The patient is seen in 2 weeks for an incision check and then in 3 months for a repeat carotid duplex to check for restenosis as well as monitor any contralateral stenosis that may be present. Up to 85% of patients with a moderate contralateral stenosis will progress to severe stenosis and require intervention. Therefore, yearly carotid duplex monitoring is recommended.
TAKE HOME POINTS
· Duplex ultrasound scan is best initial diagnostic test for asymptomatic carotid stenosis.
· Patients with high-grade asymptomatic carotid stenosis (70% to 99% by ultrasound) should undergo CEA along with aggressive medical management to reduce their risk of stroke.
· CEA can be performed under local anesthesia with neurologic monitoring, under general anesthesia with EEG or stump pressure monitoring, or with routine shunt use.

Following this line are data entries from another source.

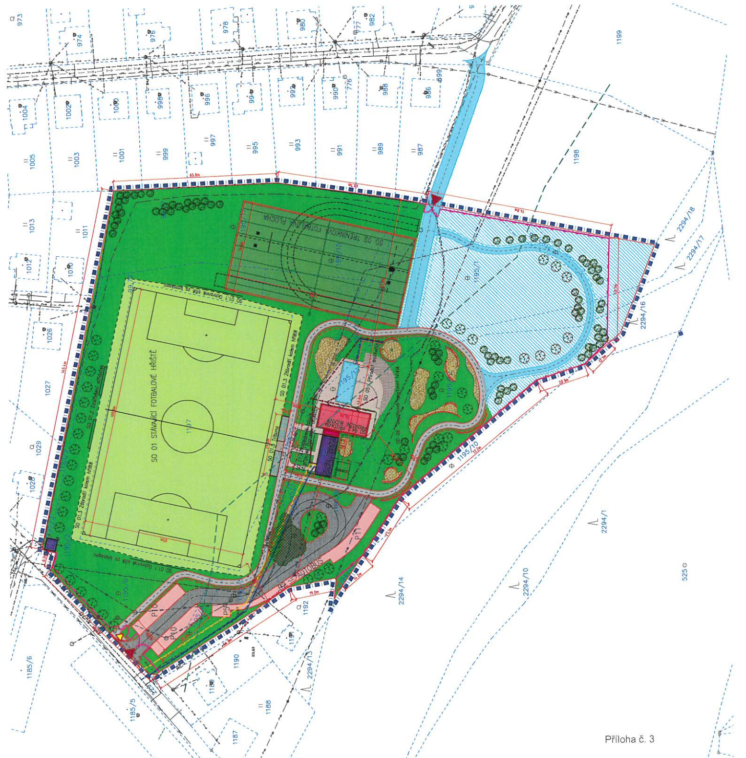
Příloha č. 3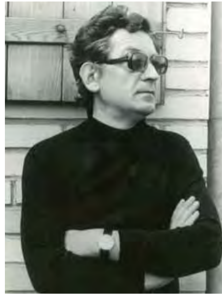
Czarny Bryńsk, 1975-1976. Zdzisław Najder, założyciel Polskiego Porozumienia Niepodległościowego.

mieszkańcem naszego miasta lub okolicy, albo stąd pochodzi, tu rozpoczynała naukę, emocjonalnie bądź rodzinie czy towarzysko jest nadal z tą ziemią związana. Nasze wywiady (obecny jest kolejnym) mają na celu pokazać nam Polskę jaką jest obecnie i jacy są Polacy – jak wygląda nasze życie A.D. 2018. Każdego z naszych rozmówców pytamy o inny wycinek naszej rzeczywistości, by całość stworzyła, widziany z łowickiej perspektywy, obraz naszego kraju. Redakcja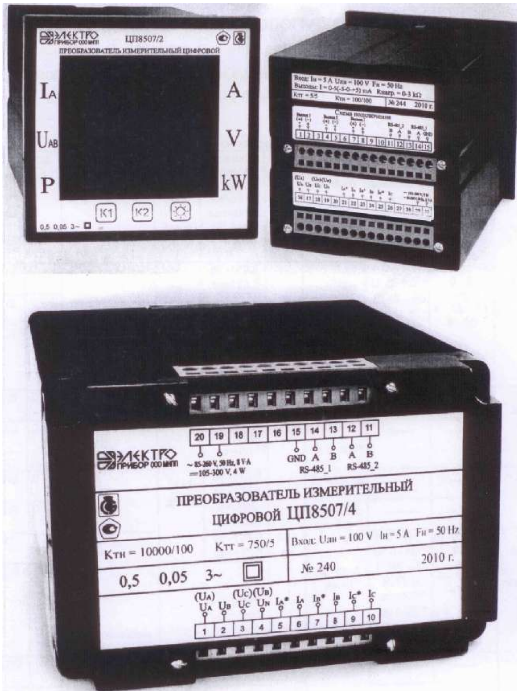
Рисунок 1 - Фотографии общего вида ЦП

Схема пломбировки от несанкционированного доступа и указание мест нанесения оттисков клейма ОТК и клейма знака поверки средств измерений для модификаций ЦП8507/3 - ЦП8507/6, ЦП8507/9 - ЦП8507/12 приведена на рисунке 3.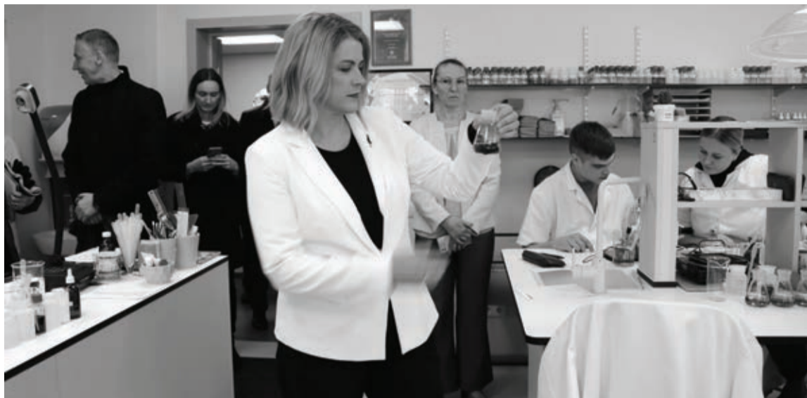
Ministru prezidente Evika Siliņa vizītes laikā viesojās Alūksnes vidusskolā un Ernsta Glika Alūksnes Valsts ģimnāzijā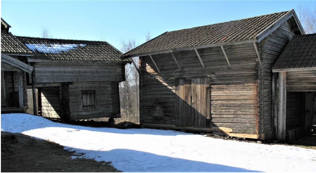
Figur 7. Portliderbyggnaden med före detta härbre samt tröskladan.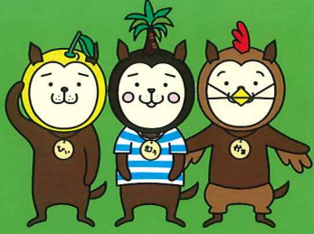
宮崎県シンボルキャラクター「みやざき犬」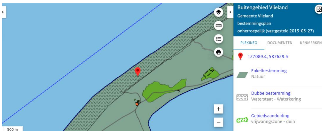
Afbeelding 2 Uitsnede bestemmingsplan

De locatie bevindt zich binnen bestemmingsplan "Buitengebied Vlieland", zoals vastgesteld op 27 mei 2013 door de gemeente Vlieland. De locatie heeft een enkelbestemming 'Natuur', dubbelbestemming 'Waterkering' en een gebiedsaanduiding 'Vrijwaringszone duin'.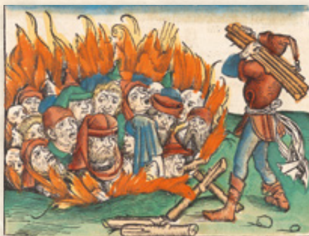
▲ Das „Rintfleisch-Pogrom“, benannt nach dem Anführer gewalttätiger Horden, die Tausende Jüdinnen und Juden im Jahr 1298 vor allem in Franken, aber auch in der Oberpfalz und Teilen Altbayerns gezielt aufspürten, verfolgten und ermordeten, war der Ausgangspunkt für viele folgende gewalttätige Ausschreitungen gegen die jüdische Bevölkerung, die sich haltlosen Vorwürfen und Vorurteilen ausgesetzt sah.

Seuchen wie die Pest zu finden, waren jüdische Gläubige als eine Minderheit leichte Opfer. Die systematische Entrechtung, Verfolgung und Ermordung der Jüdinnen und Juden Europas durch das menschenverachtende NS-Regime bildete auch in Bayern den traurigen Tiefpunkt des Umgangs mit der jüdischen Bevölkerung.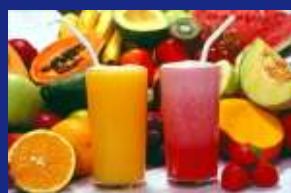
06 - SUCOS

· CAS should be reserved for those patients with a stenosis ≥80% and high-risk anatomy.
SUGGESTED READINGS
Abbott A. Medical (nonsurgical) intervention alone is now best for prevention of stroke associated with asymptomatic severe carotid stenosis—results of a systematic review and analysis. Stroke. 2009;40:e570–e583.
de Weerd M, et al. Prevalence of asymptomatic carotid artery stenosis in the general population: an individual participant data meta-analysis. Stroke. 2010;41:1294–1297.
Grant E, et al. Carotid artery stenosis: gray-scale and Doppler US diagnosis—Society of Radiologists in Ultrasound Consensus Conference. Radiology. 2003;229:340–346.
Halliday A, et al. Prevention of disabling and fatal strokes by successful carotid endarterectomy in patients without recent neurological symptoms: randomised controlled trial. Lancet. 2004;363:1491–1502.
Hobson R, et al. Management of atherosclerotic carotid artery disese: clinical practice guidelines of the Society for Vascular Surgery. J Vasc Surg. 2008;48:480–486.
Lewis S, et al. General anaesthesia versus local anaesthesia for carotid surgery (GALA): a multicentre, randomised controlled trial. Lancet. 2008;372:2132–2142.
Toole J, et al. Edarterectomy for asymptomatic carotid artery stenosis. JAMA. 1995;273(18):1421–1428.